Again the situation changed; the Middle West has never been static. After the First World War the landscape and genre aspects of America had little interest for the younger artists. Many of them turned toward Paris and the Continent for study and inspiration. American artistic thought took on an international tinge, and the local scene became secondary. This was especially true in the Middle West—until that widely publicized triumvirate, Curry, Wood and Benton, struck out for the true roots of American life.

They found what they were looking for right at home—in the Main Streets, on the farms, in harvest scenes, at church suppers, and so on, in their native states of Kansas, Iowa and Missouri. Other artists followed their lead. In the Thirties and early Forties, American regionalism flourished. The homely, familiar American farm came into its own on canvas.

But these regionalists were not making reports for surveys or providing illustrations for Eastern magazines, nor were they looking for romance in a by-gone or wholly imaginary era. Like the Nineteenth Century artists, they were realists; but their realism had a strong personal approach. The subject was only their starting point. Color, action and background were composed into a unified personal statement of the scene that was bold and direct, often freely and impressionistically painted—the same Western environment that influenced Bodmer, Stanley, Moran and Russell, subject now to a new age and thought.

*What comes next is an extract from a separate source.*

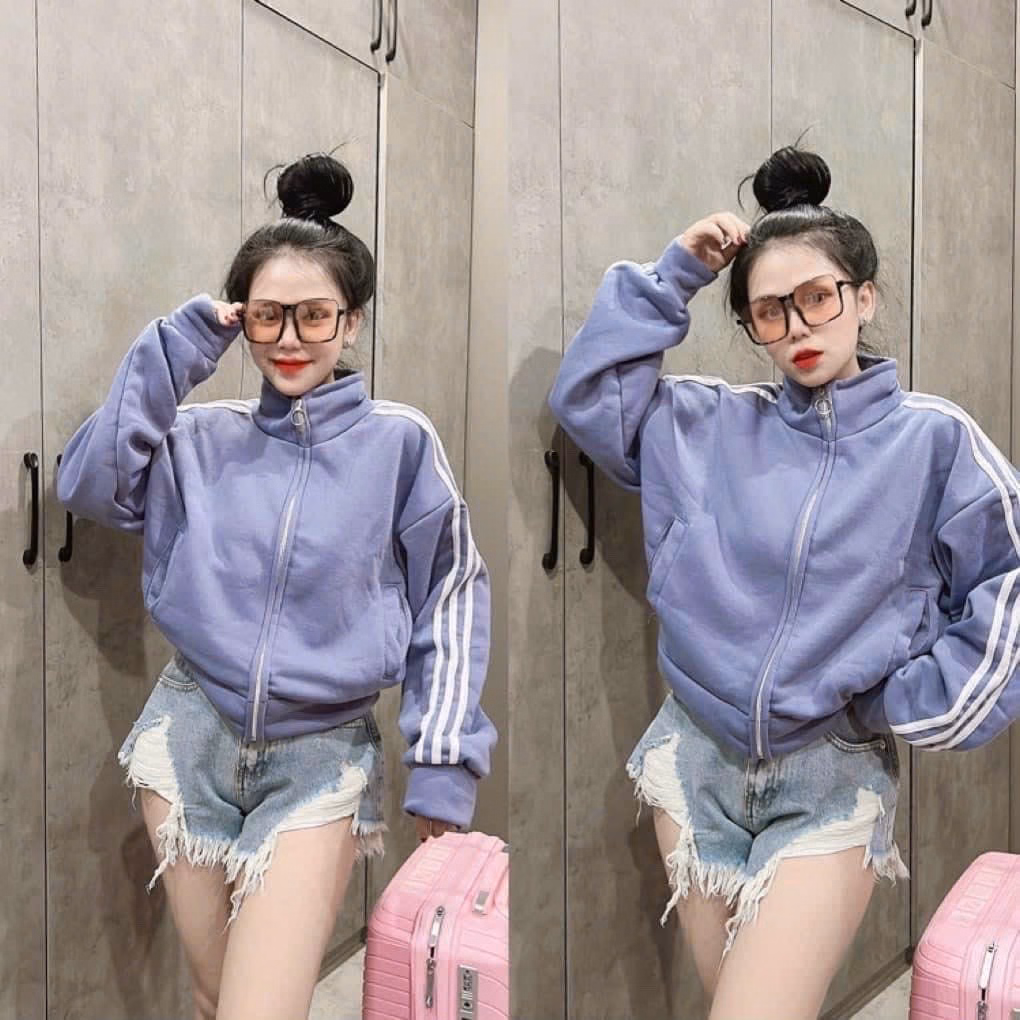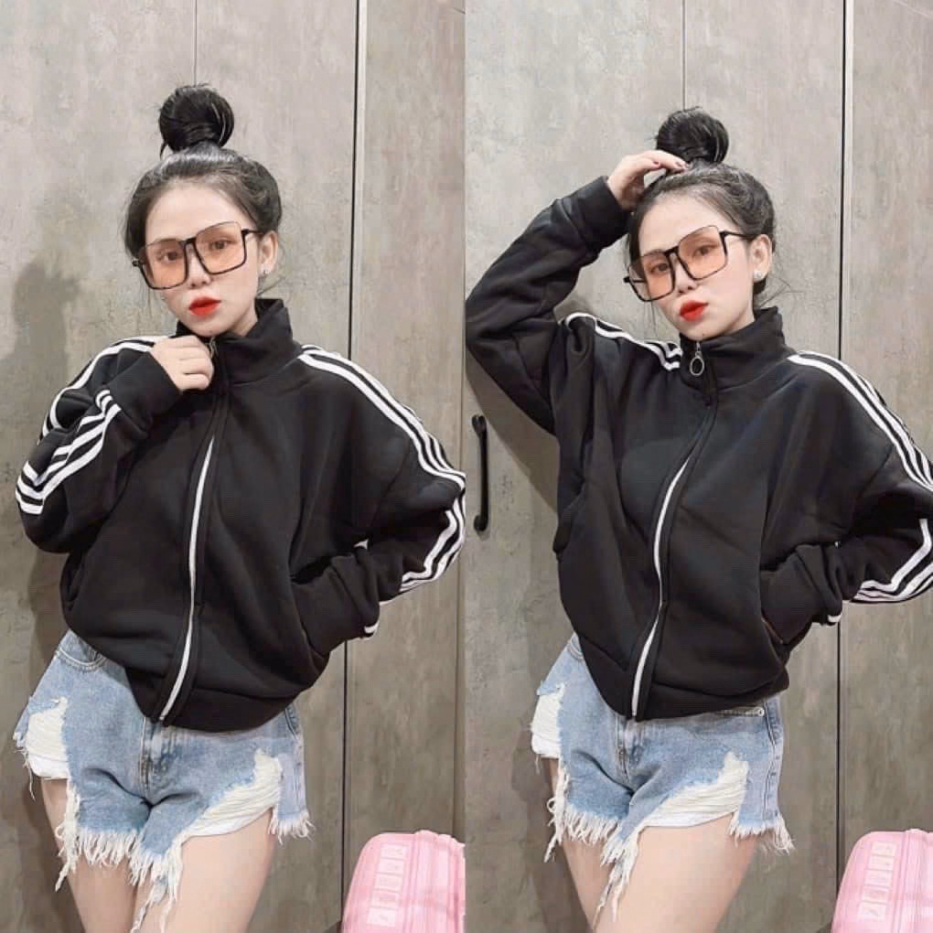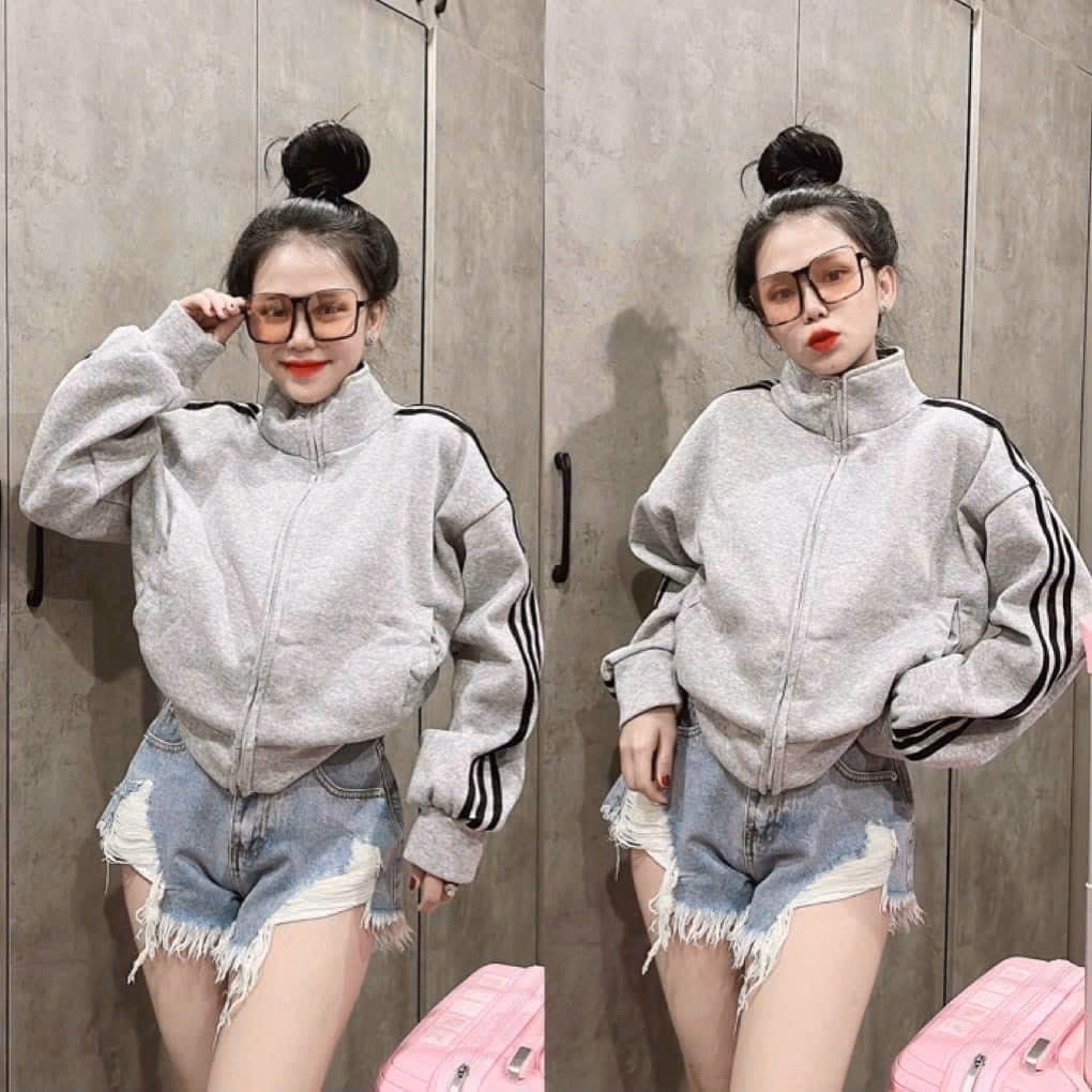 Áo Khoác Nữ Lửng Craptop Chất Vải Nỉ Ngoại Có Cánh Cổ Tay Áo 2 Bên Cánh Tay Chạy Sọc Siêu Nét Hàng Hot Trend-Htm Fashion

The regionalist movement, of course, did not affect all artists. Counter-movements of expressionism and non-objectivity had become well rooted in America during the 1920’s. At mid-century, American artists have turned away from regionalism. The physical environment has become secondary—even non-existent—to a world if inner ideas and personal emotions that is uppermost in modern painting.

Today the influence of environment in the middle part of this country lies not in its appearance but in its vastness, openness, and even—in an age of speedy air travel—in its distance from the east and west coasts. All over this area there are active centers where independent, creative work is going forward. In these separate areas it is possible that freshness, individuality and resourcefulness can be maintained in a period when art is becoming typed and design is becoming highly standardized.

For in the final analysis, the impact of the environment on the artist is largely mental. Increasingly, man ceases to be confined by his physical surroundings. The tremendous Middle West is still greater than the men who live in it and try to interpret it, but it challenges them now in a different way.